* _Problem description_
Could you retype all of the entries exactly, without their pictures?

******************************

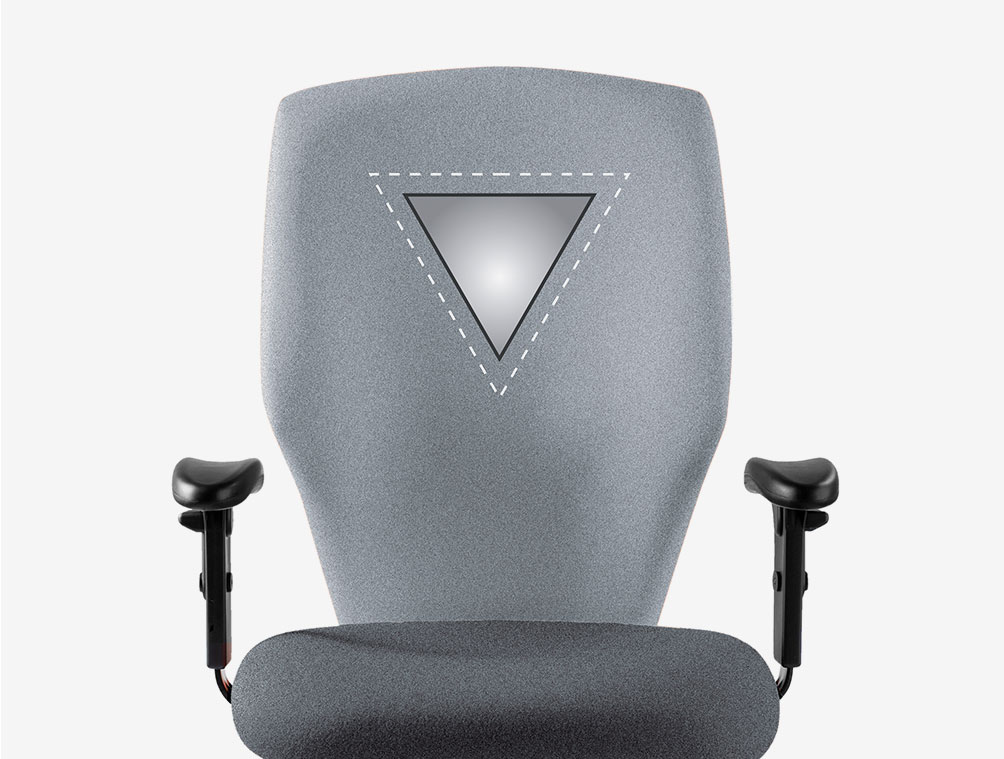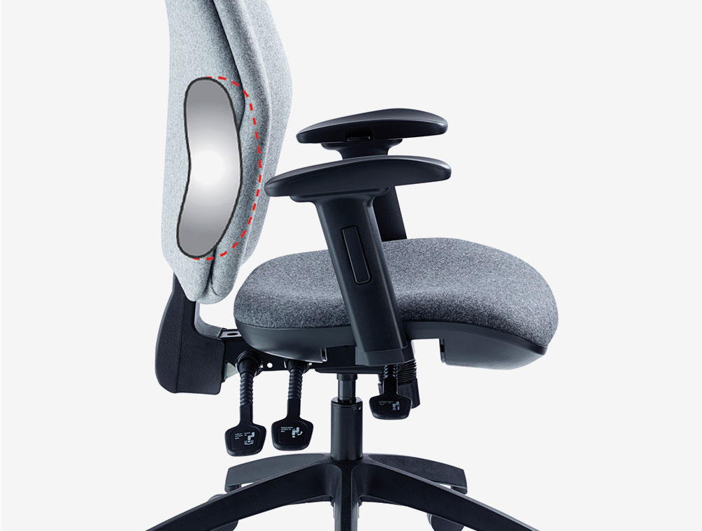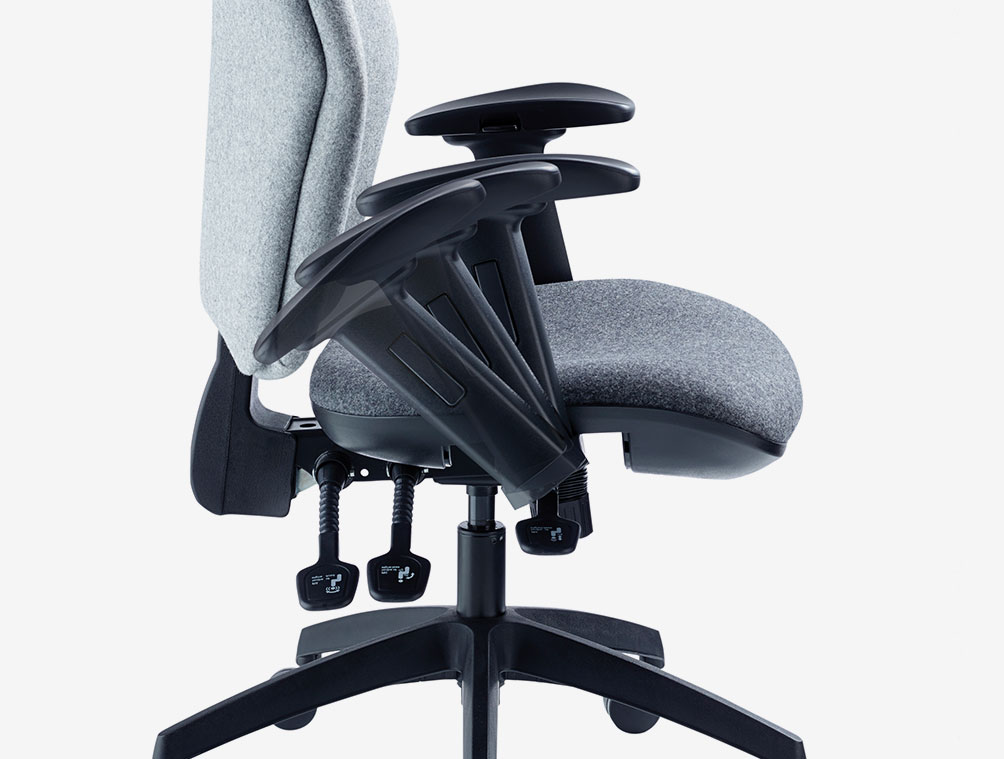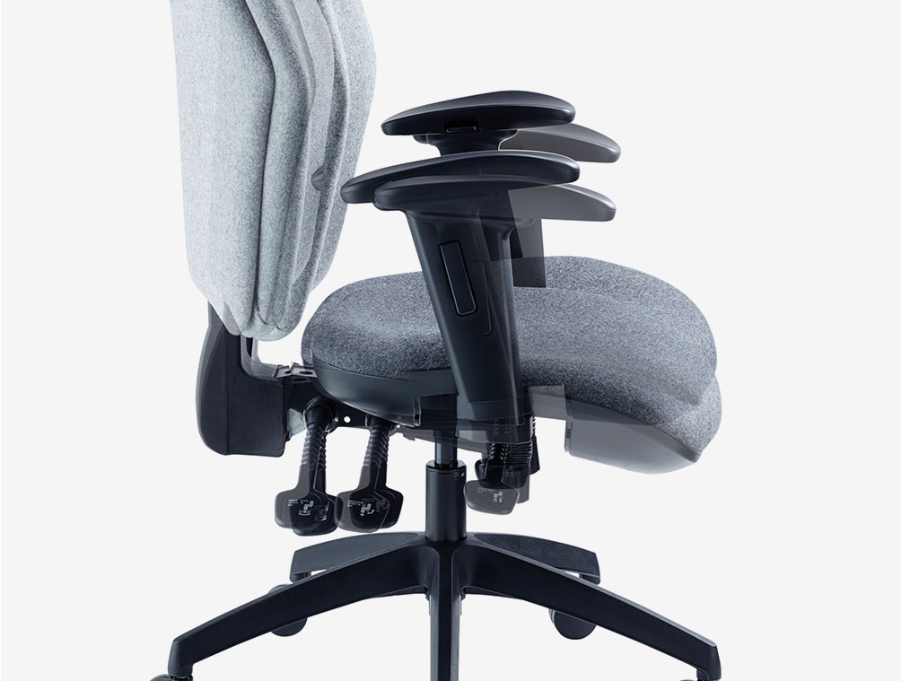 High back ergonomic task chair with headrest, fully supportive back rest and large, contoured seat pad. Independant seat and back adjustment with heavy duty user weight tension control mechanism. Large five star black nylon base with twin wheeled castors.
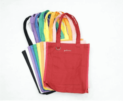 カラーキャンバストートは容量9Lで、カラーは9色。ブラック、ホワイト、ブルー、パープル、グリーン、レッド、オレンジ、ピンク、イエローを用意する。
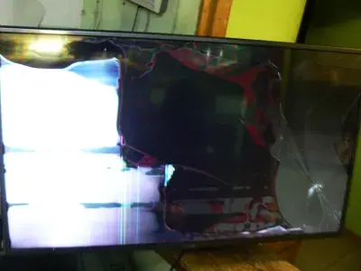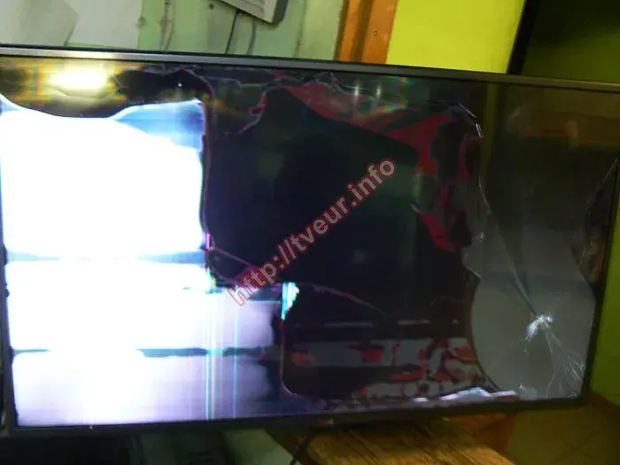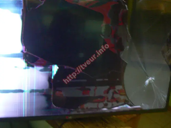 При первинному огляді сервіс менеджер зразу відмітив, що в цьому випадку єдиний вихід - замінити матрицю на телевізорі, оскільки вона не підлягає відновленню. Низу з правої сторони великий скол, що світиться, від якого численні тонкі тріщини у різні боки. Ще багато довгих тріщин по всьому екрану. Уся ліва сторона білого кольору, тут також проглядаються плями світло синього кольору та вертикальні смуги. Середина матриці темна, біля до верхньої рамки темно червоні плями невизначеної форми. Навколо сколу утворилася велика кругла пляма сірого кольору, очевидно, що в цьому місці є відшарування матриці. Над логотипом LG та правіше тріщини та плями сіро-червоного кольору. Обговоривши з замовником всі нюанси, телевізор був прийнятий у роботу. Після його розбирання та проведеної діагностики майстер зробив висновок, що заміні підлягає лише розбитий екран, всі решта внутрішні модулі (блок живлення, материнська плата, плата T-con та інші) при падінні не постраждали.
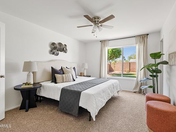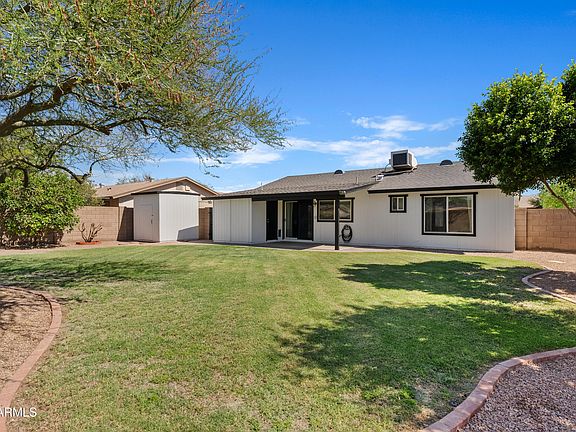 Pride of Ownership That Shows! This updated 3 bedroom, 2 bathroom Tempe home has no HOA and features brand new carpet in the bedrooms, updated Kitchen & Baths, 2 car garage, fresh interior and exterior paint, mature citrus and apple trees, and large detached storage shed in the backyard. The South facing yard features a mature Jacaranda tree that produces beautiful purple flowers and provides shade to the front of the home. As you enter, you will find a spacious living room with recessed lighting and warm redwood flooring. The kitchen is spacious with SS appliances, white cabinets, and granite countertops. Both bathrooms have been updated with tile surrounds and the primary bath  features a large shower. All bedrooms have brand new carpet installed in May of 2025 and there are new window coverings throughout. The peaceful backyard features a large covered patio, mature trees to include Lemon, Tangelo Orange, and Pink Lady tree that produces the best apples! Other features include upgraded dual pane windows, ceiling fans in all rooms, 2 car garage with epoxy floors and built in storage, large detached storage shed, massive indoor laundry room, corner lot, and much more! This home is located near the I10 and 60 freeways and is close to shopping, dining, and ASU's main campus. This home has been meticulously maintained with pride of ownership that shows!
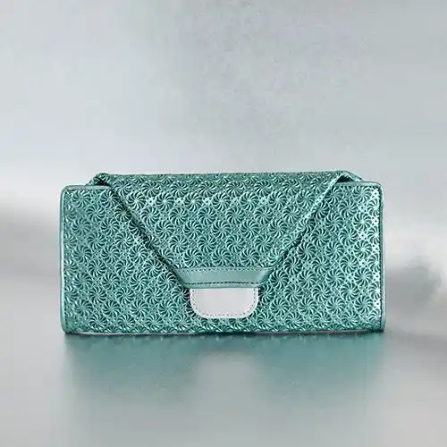 | 「GIRASOLE(ジラソーレ)」シリーズは、メタリック加工をした牛革に、型押しと型抜きを同時に施した、一見金属のように見える連続的な模様を出したデザインです。 | |||||||||||||||||||

******************************

* _Expected answer_
 High back ergonomic task chair with headrest, fully supportive back rest and large, contoured seat pad. Independant seat and back adjustment with heavy duty user weight tension control mechanism. Large five star black nylon base with twin wheeled castors.
 カラーキャンバストートは容量9Lで、カラーは9色。ブラック、ホワイト、ブルー、パープル、グリーン、レッド、オレンジ、ピンク、イエローを用意する。
 При первинному огляді сервіс менеджер зразу відмітив, що в цьому випадку єдиний вихід - замінити матрицю на телевізорі, оскільки вона не підлягає відновленню. Низу з правої сторони великий скол, що світиться, від якого численні тонкі тріщини у різні боки. Ще багато довгих тріщин по всьому екрану. Уся ліва сторона білого кольору, тут також проглядаються плями світло синього кольору та вертикальні смуги. Середина матриці темна, біля до верхньої рамки темно червоні плями невизначеної форми. Навколо сколу утворилася велика кругла пляма сірого кольору, очевидно, що в цьому місці є відшарування матриці. Над логотипом LG та правіше тріщини та плями сіро-червоного кольору. Обговоривши з замовником всі нюанси, телевізор був прийнятий у роботу. Після його розбирання та проведеної діагностики майстер зробив висновок, що заміні підлягає лише розбитий екран, всі решта внутрішні модулі (блок живлення, материнська плата, плата T-con та інші) при падінні не постраждали.
 Pride of Ownership That Shows! This updated 3 bedroom, 2 bathroom Tempe home has no HOA and features brand new carpet in the bedrooms, updated Kitchen & Baths, 2 car garage, fresh interior and exterior paint, mature citrus and apple trees, and large detached storage shed in the backyard. The South facing yard features a mature Jacaranda tree that produces beautiful purple flowers and provides shade to the front of the home. As you enter, you will find a spacious living room with recessed lighting and warm redwood flooring. The kitchen is spacious with SS appliances, white cabinets, and granite countertops. Both bathrooms have been updated with tile surrounds and the primary bath  features a large shower. All bedrooms have brand new carpet installed in May of 2025 and there are new window coverings throughout. The peaceful backyard features a large covered patio, mature trees to include Lemon, Tangelo Orange, and Pink Lady tree that produces the best apples! Other features include upgraded dual pane windows, ceiling fans in all rooms, 2 car garage with epoxy floors and built in storage, large detached storage shed, massive indoor laundry room, corner lot, and much more! This home is located near the I10 and 60 freeways and is close to shopping, dining, and ASU's main campus. This home has been meticulously maintained with pride of ownership that shows!
 | 「GIRASOLE(ジラソーレ)」シリーズは、メタリック加工をした牛革に、型押しと型抜きを同時に施した、一見金属のように見える連続的な模様を出したデザインです。 | |||||||||||||||||||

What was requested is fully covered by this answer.